At any rate, until proven full of misconceptions, I feel that the McLuxIII T which will be host to an efficient TY0H emitter and driven at 550 mA on high should be reasonably within thermal bounds in most applications. I would be reluctant to push this package with higher currents and less efficient emitters withoutfurther testing and consultation with someone who actually understands the thermal aspects! :green:

Ironically, now that I am starting to feel comfortable in using my favorite metal in flashlight applications, the bloody cost of the material is going through the roof!!!!

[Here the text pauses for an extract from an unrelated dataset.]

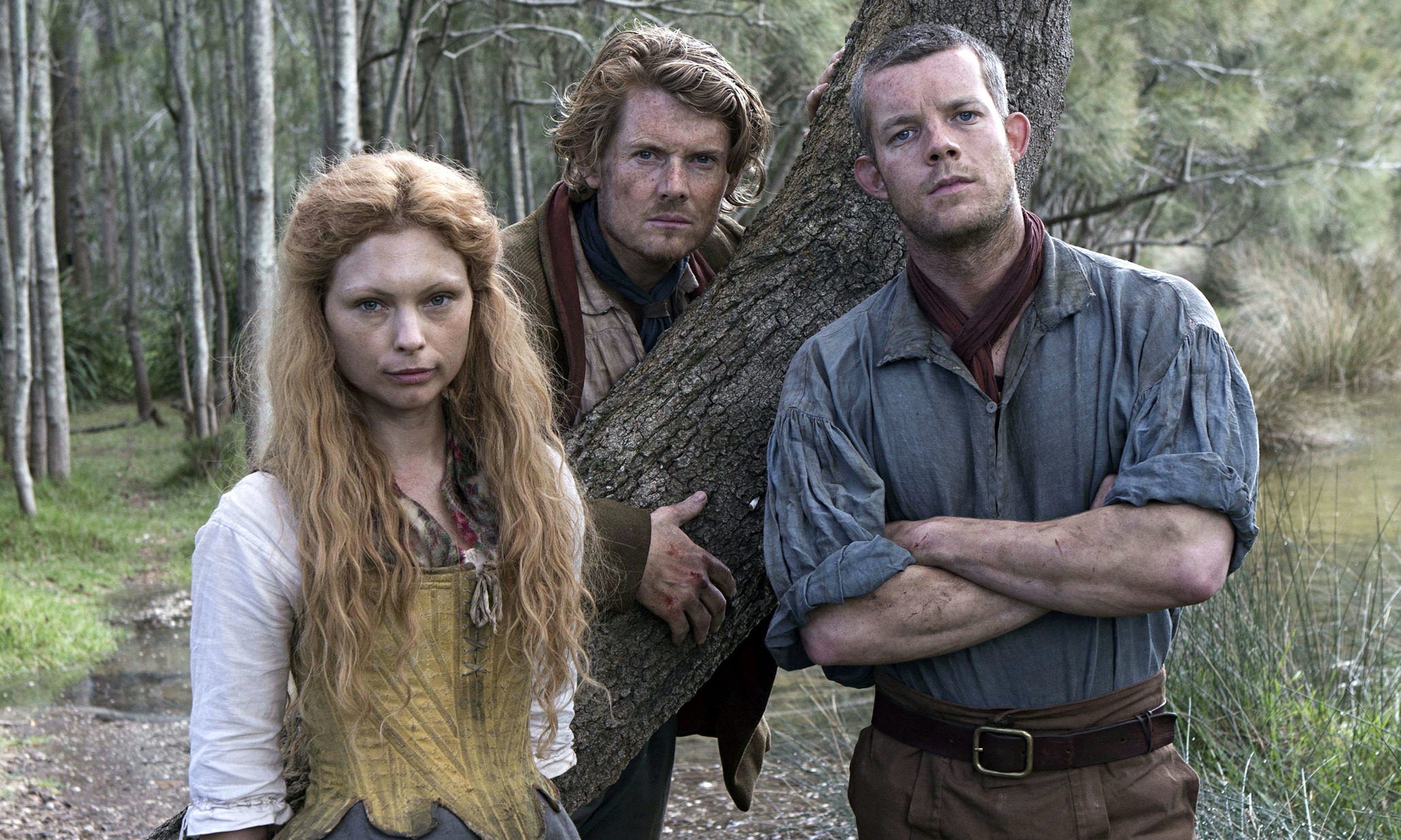 Description: A man and a woman standing next to a tree in a forest with a stream behind them and a man with long hair.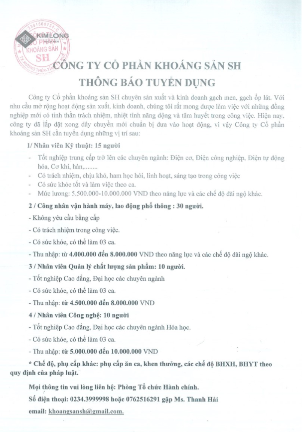 Công ty khoáng sản SH thông báo tuyển dụng:

BTW, 6-4 can machine about the same as the CP and I suspect it is more a case of its anealed state than the alloy itself. I think Ti's high thermal resistance is a much greater issue in machining the metal than it is a show stopper for use in the flashlights!  Ti has yet to harm a LED for me but it has trashed 100's of dollars in tools and parts!


----------



## Anglepoise (Dec 11, 2005)

Don.....I was rather hoping you would respond and appreciate the info.
Very encouraging data on the heat situation. Looks allot better than I thought.
Will continue on ......


----------



## WillnTex (Dec 11, 2005)

Also try Alpha Knife Supply. I have several friends that use them and they seem pretty good. They list a 1" by 11.875" piece of CP-3 (grade 3) for $90 

http://www.alphaknifesupply.com/ti-rod.htm

Another titanium supply 

http://www.halperntitanium.com/ They list 6 AL/4V Titanium Rod up to 1.250"


----------



## proFeign (Dec 22, 2005)

Hey,

I didn't see it said here but though I've never machined Ti my friend who works full time in a one-off CNC shop has and he said that you have to keep it positively smothered in cutting fluid. It develops an oxide on its surface when scratched in a fraction of a second, which produces a little heat. The problem with machining is that you are exposing quite a lot of it very quickly and the chips/dust are flammable as well and he had a part he was lathing catch on fire dramatically after only some seconds of cutting. 

He said it didn't damage the part but it was scary and had to remove more of the surface to get rid of the discoloration from heat/uneven oxidation.

Anyway, that's the story as I understand it. I guess it's like metallic Na, only less reactive.

-Kelly


----------